Raspberry Pi 5 gains a 25 TOPS AI HAT for on-device AI
Raspberry Pi has shown off a 25 TOPS accelerator HAT that lets a Raspberry Pi 5 run vision, vision-language and small language models locally at about 3 W of sustained NPU power.

Raspberry Pi says the next step for its boards is not a model that runs once in a demo, but an intelligent system that keeps watching, understanding and responding without leaning on a cloud connection for every decision.
The hardware behind that pitch is the Sixfab AI HAT+ for Raspberry Pi 5, an add-on board built around the DEEPX DX-M1M neural processing unit. It adds 25 TOPS of dedicated AI acceleration at roughly 3 W of typical sustained NPU power, which leaves the Raspberry Pi's own processor free for camera handling, application logic, connectivity and whatever the device actually controls.
That wattage figure is the interesting one. Peak TOPS numbers make good marketing, but most edge products live or die by their power and thermal budget, because the complete system still has to power a camera, storage, networking and the board itself. An accelerator that holds near 3 W under sustained load means smaller enclosures, simpler passive cooling and models that can run continuously instead of in short bursts.
Memory is the other practical limit, and the DX-M1M carries 2 GB of dedicated LPDDR4x on the module. Raspberry Pi says that comfortably supports vision-language and small language models alongside traditional vision workloads.
Perception comes first. Object detection, classification, segmentation, pose estimation, depth and image enhancement turn camera pixels into structured events, and DEEPX's ModelZoo ships pre-optimised examples including YOLO-family detectors, with DX-Stream assembling them into GStreamer-based camera pipelines.
On top of that, a compact vision-language model can describe a scene or answer a focused question about an image, and a small language model can take a command, summarise local events or explain what the camera just saw. The work happens on the device, so nothing has to leave it.

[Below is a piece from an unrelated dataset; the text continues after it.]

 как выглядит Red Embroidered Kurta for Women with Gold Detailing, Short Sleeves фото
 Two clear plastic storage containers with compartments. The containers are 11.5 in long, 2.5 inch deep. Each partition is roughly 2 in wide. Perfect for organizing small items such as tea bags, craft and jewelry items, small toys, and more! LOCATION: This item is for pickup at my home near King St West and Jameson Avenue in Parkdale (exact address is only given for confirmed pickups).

DEEPX stresses that its INT8 optimisation is an accuracy-aware engineering process rather than a straight conversion, a claim that matters most in the conditions edge cameras actually meet: low light, glare, motion blur, occlusion and awkward angles.
Our opinion
The number to watch here is not 25 TOPS, it is 3 W. Raspberry Pi has spent years building an ecosystem where the useful ceiling is a power supply you can hide behind a skirting board, and an accelerator that genuinely holds near 3 W is what turns a vision-language model from a party trick into something a camera can run from dawn until dusk.
The harder question is cost. A Raspberry Pi 5 plus a 25 TOPS HAT is now competing with the cheapest purpose-built edge boxes and with the cloud subscriptions people were paying to avoid. If the combination lands anywhere near the price of the boards it is trying to replace, makers get a genuinely credible local AI stack. If it drifts much above that, the 3 W figure stops mattering, because the project never gets built in the first place.